---------- Data section

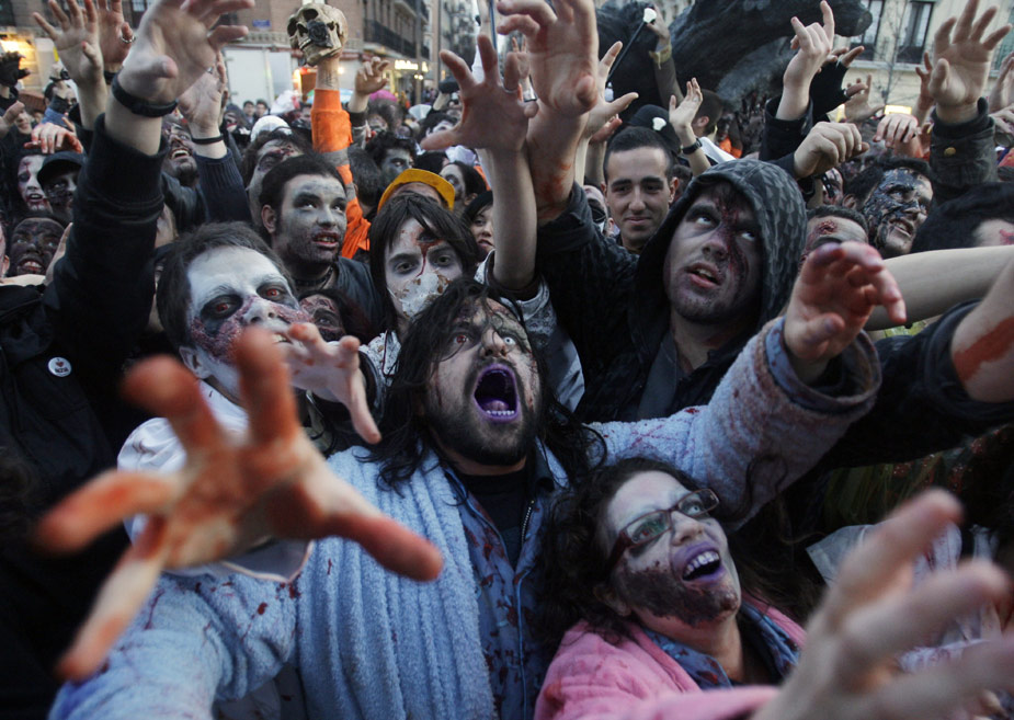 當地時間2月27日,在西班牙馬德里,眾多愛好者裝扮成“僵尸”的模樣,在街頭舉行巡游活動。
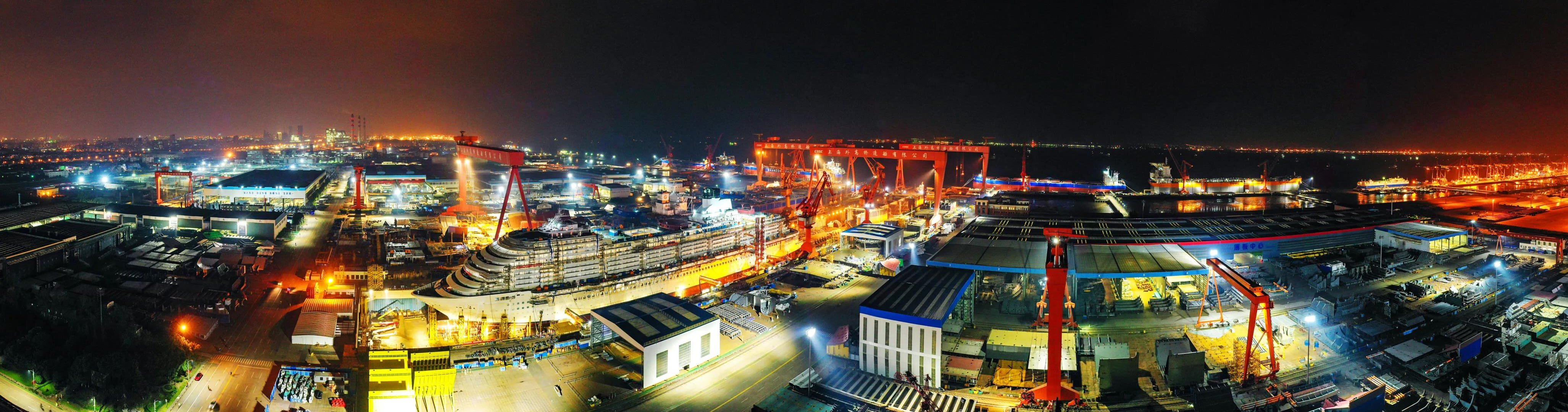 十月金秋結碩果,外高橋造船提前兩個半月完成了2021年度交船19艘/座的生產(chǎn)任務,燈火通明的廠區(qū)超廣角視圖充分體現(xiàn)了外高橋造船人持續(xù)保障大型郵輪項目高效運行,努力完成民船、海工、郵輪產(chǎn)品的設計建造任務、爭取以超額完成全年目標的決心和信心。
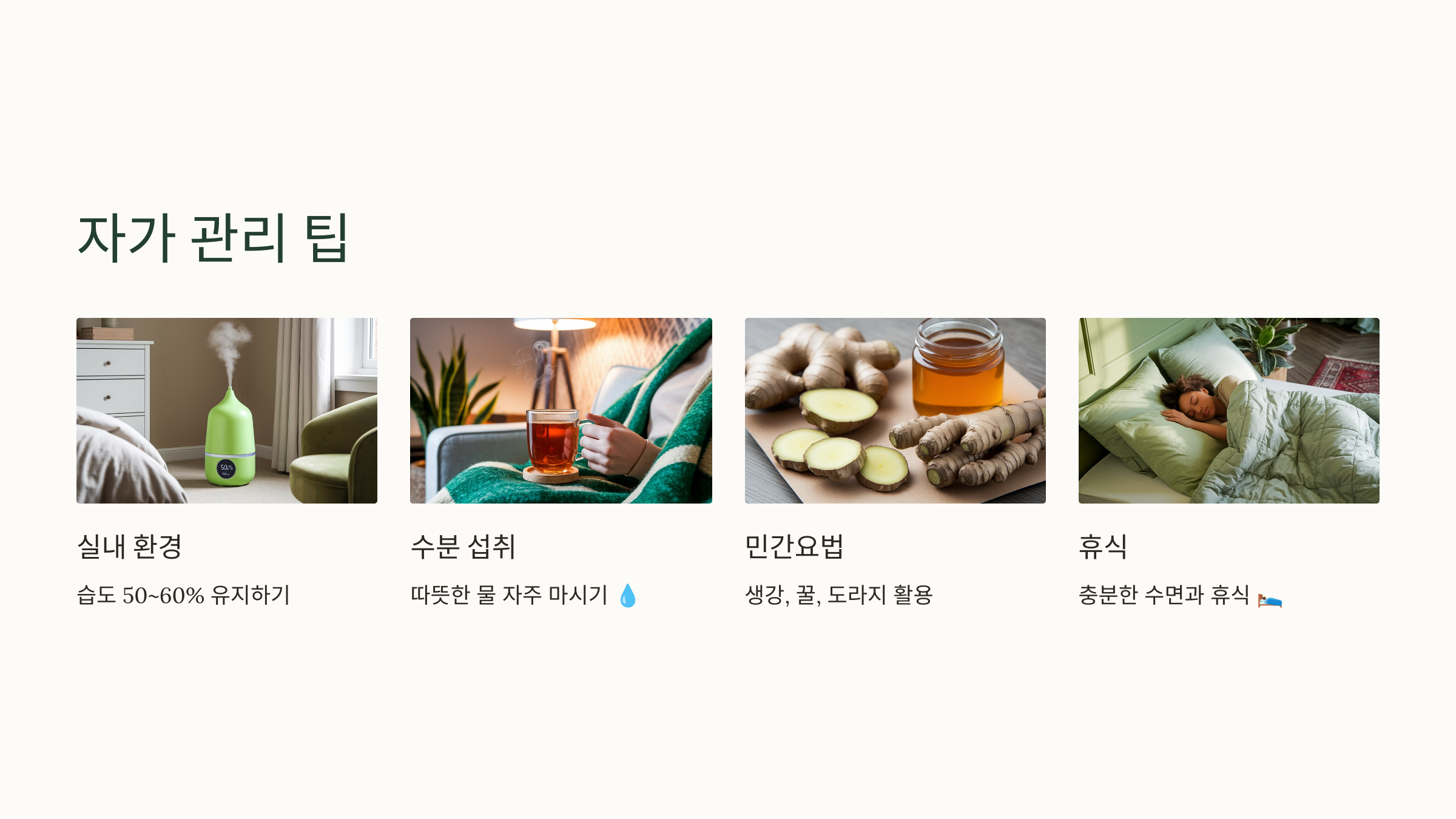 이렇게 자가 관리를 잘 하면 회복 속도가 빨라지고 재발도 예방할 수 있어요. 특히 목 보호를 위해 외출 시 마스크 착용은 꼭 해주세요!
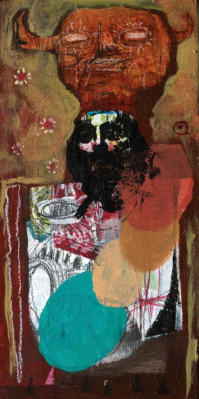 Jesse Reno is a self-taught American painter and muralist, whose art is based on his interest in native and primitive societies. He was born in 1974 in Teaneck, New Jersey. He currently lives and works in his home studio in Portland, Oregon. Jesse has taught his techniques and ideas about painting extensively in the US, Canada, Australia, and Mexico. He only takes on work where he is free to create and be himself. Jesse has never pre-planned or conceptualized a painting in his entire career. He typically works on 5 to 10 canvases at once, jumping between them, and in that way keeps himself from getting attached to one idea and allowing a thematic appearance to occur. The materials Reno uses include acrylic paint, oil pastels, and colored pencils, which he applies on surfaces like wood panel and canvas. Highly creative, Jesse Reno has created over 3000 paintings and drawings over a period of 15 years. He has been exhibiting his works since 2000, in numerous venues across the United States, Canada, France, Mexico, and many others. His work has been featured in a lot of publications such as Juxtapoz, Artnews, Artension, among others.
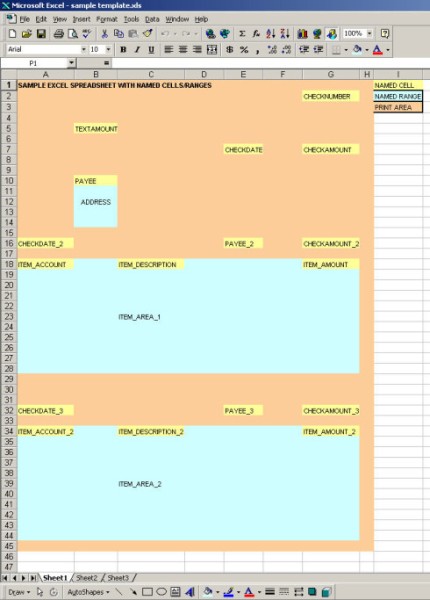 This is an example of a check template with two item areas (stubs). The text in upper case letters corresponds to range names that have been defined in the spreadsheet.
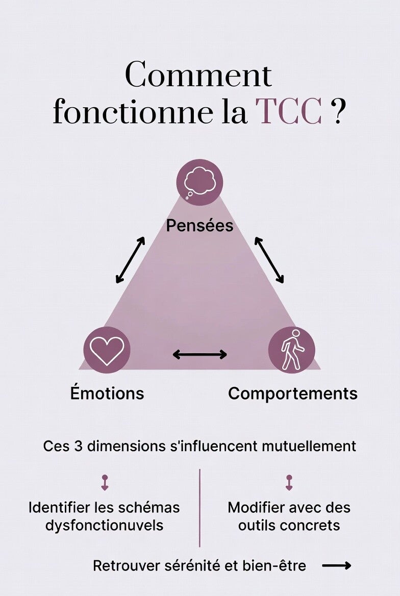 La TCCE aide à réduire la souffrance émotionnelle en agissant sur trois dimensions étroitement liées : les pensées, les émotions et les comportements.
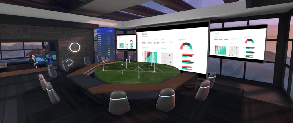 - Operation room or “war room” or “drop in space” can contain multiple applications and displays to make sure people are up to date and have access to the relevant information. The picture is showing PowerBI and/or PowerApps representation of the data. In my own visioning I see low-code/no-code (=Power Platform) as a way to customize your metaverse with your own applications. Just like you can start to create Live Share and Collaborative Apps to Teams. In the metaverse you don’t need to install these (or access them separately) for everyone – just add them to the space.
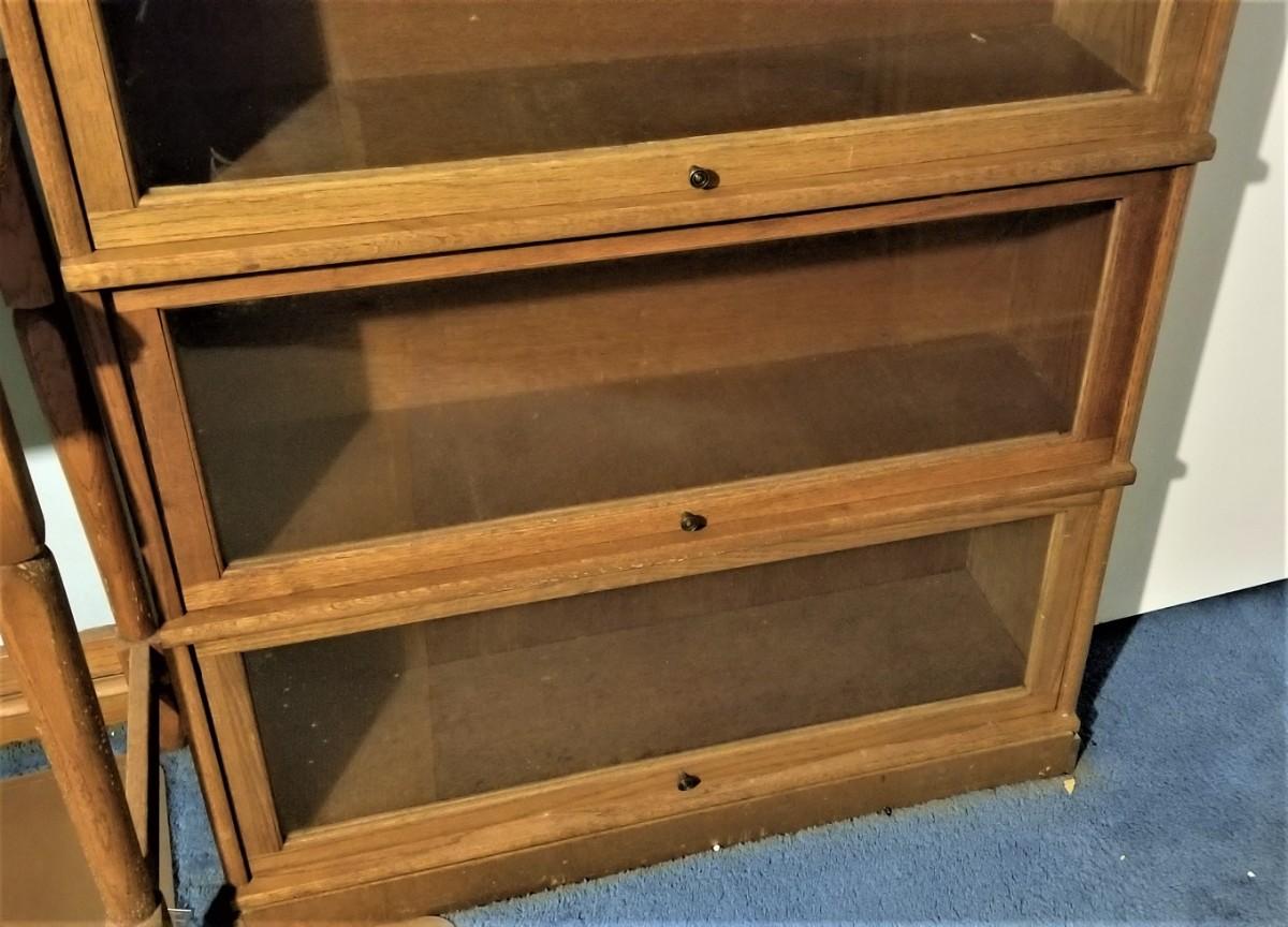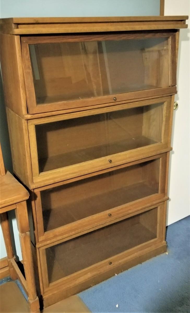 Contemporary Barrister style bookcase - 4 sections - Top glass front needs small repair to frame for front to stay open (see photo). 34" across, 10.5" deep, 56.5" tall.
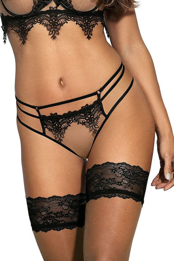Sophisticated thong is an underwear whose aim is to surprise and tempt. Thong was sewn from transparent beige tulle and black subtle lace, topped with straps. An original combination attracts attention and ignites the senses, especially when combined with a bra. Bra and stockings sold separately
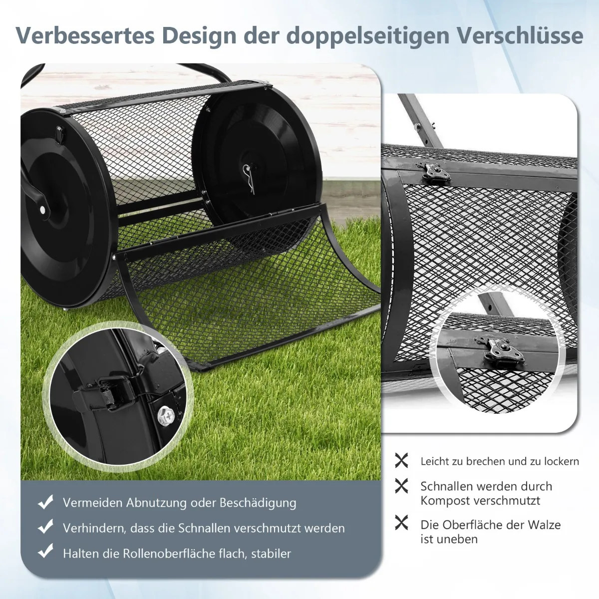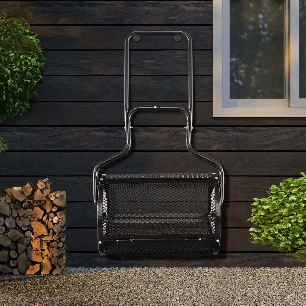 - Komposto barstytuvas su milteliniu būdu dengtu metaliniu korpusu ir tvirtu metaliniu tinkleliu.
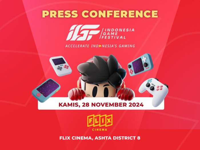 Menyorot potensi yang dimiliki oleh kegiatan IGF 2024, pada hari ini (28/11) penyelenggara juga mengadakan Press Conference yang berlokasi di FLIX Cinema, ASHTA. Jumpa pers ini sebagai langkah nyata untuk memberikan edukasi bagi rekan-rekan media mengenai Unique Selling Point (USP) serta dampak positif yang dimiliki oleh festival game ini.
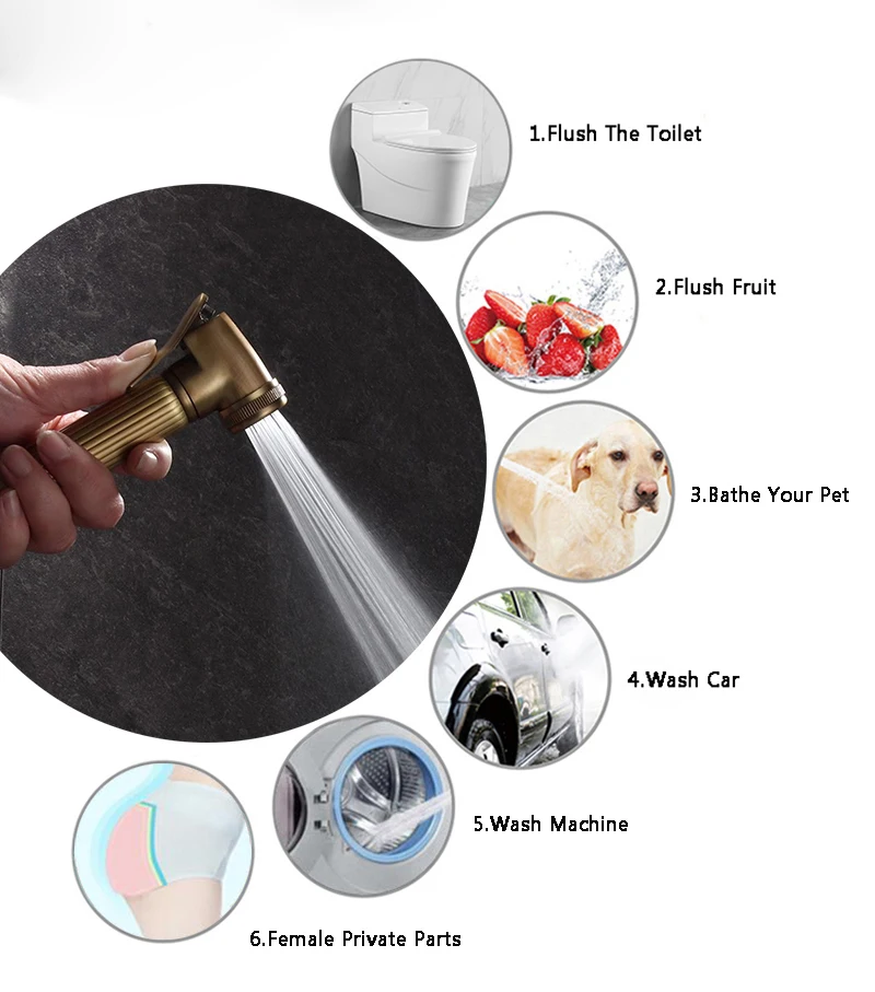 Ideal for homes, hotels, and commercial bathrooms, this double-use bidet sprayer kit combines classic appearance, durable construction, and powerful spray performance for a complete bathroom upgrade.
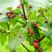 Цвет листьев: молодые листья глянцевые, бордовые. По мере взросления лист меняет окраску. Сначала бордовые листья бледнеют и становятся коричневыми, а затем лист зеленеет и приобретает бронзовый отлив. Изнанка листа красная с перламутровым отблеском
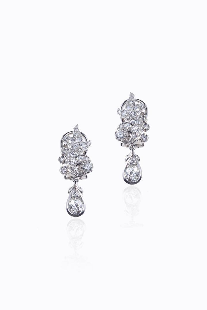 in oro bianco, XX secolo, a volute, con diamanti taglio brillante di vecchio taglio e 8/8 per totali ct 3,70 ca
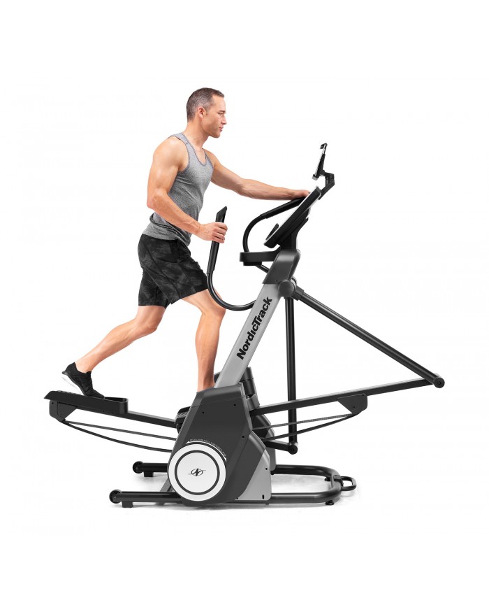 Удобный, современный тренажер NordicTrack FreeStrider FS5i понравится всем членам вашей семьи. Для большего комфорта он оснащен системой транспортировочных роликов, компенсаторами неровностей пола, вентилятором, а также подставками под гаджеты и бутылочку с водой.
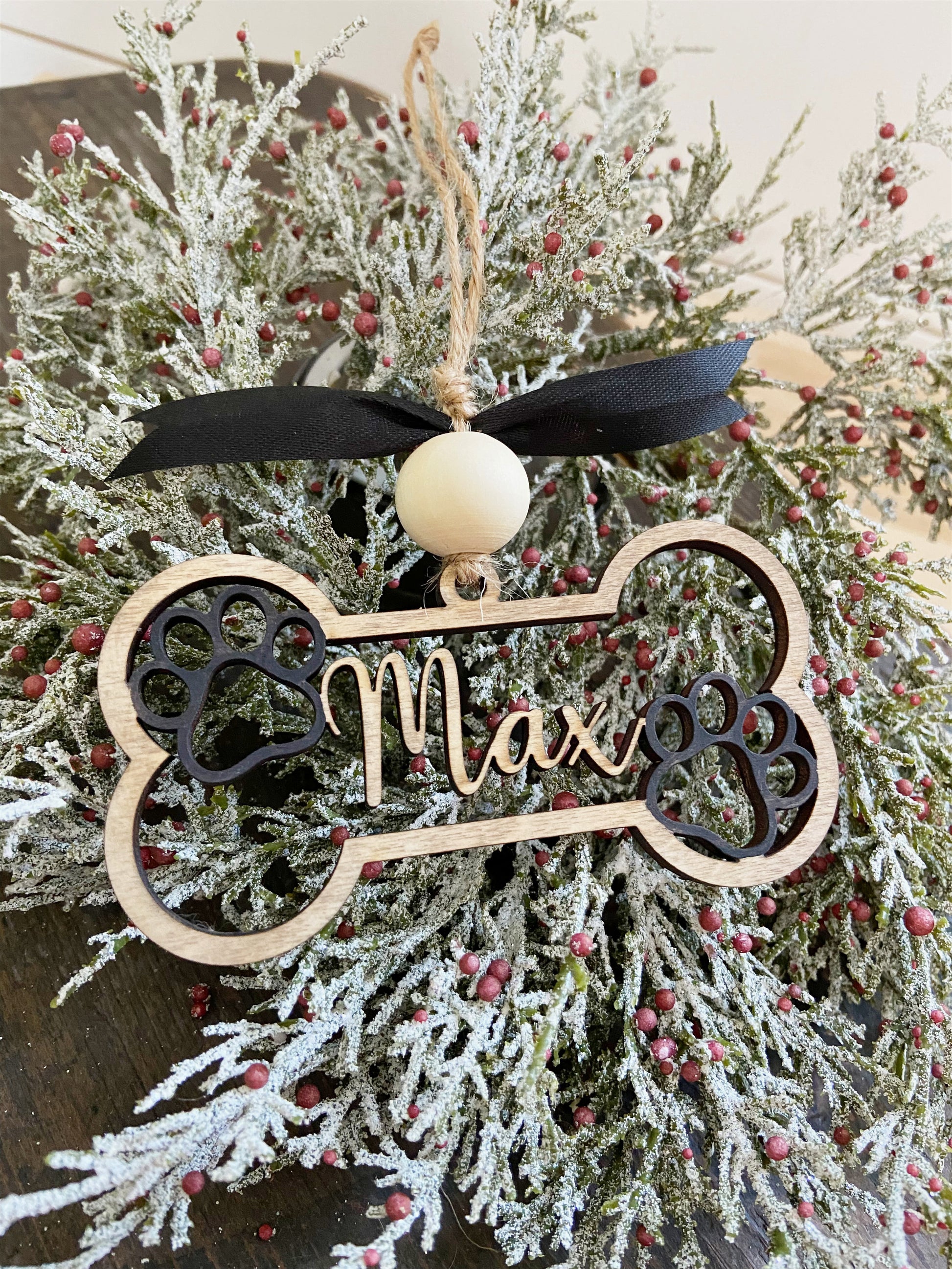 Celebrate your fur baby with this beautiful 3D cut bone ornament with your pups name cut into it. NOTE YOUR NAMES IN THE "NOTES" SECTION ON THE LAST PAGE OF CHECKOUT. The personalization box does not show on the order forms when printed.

--------------------

Task objective ▸ Could you transcribe exactly the entries above, but only the lines from the one with "Jesse Reno is" through the one with "- Operation room", and without pictures?

Task result ▸
 Jesse Reno is a self-taught American painter and muralist, whose art is based on his interest in native and primitive societies. He was born in 1974 in Teaneck, New Jersey. He currently lives and works in his home studio in Portland, Oregon. Jesse has taught his techniques and ideas about painting extensively in the US, Canada, Australia, and Mexico. He only takes on work where he is free to create and be himself. Jesse has never pre-planned or conceptualized a painting in his entire career. He typically works on 5 to 10 canvases at once, jumping between them, and in that way keeps himself from getting attached to one idea and allowing a thematic appearance to occur. The materials Reno uses include acrylic paint, oil pastels, and colored pencils, which he applies on surfaces like wood panel and canvas. Highly creative, Jesse Reno has created over 3000 paintings and drawings over a period of 15 years. He has been exhibiting his works since 2000, in numerous venues across the United States, Canada, France, Mexico, and many others. His work has been featured in a lot of publications such as Juxtapoz, Artnews, Artension, among others.
 This is an example of a check template with two item areas (stubs). The text in upper case letters corresponds to range names that have been defined in the spreadsheet.
 La TCCE aide à réduire la souffrance émotionnelle en agissant sur trois dimensions étroitement liées : les pensées, les émotions et les comportements.
 - Operation room or “war room” or “drop in space” can contain multiple applications and displays to make sure people are up to date and have access to the relevant information. The picture is showing PowerBI and/or PowerApps representation of the data. In my own visioning I see low-code/no-code (=Power Platform) as a way to customize your metaverse with your own applications. Just like you can start to create Live Share and Collaborative Apps to Teams. In the metaverse you don’t need to install these (or access them separately) for everyone – just add them to the space.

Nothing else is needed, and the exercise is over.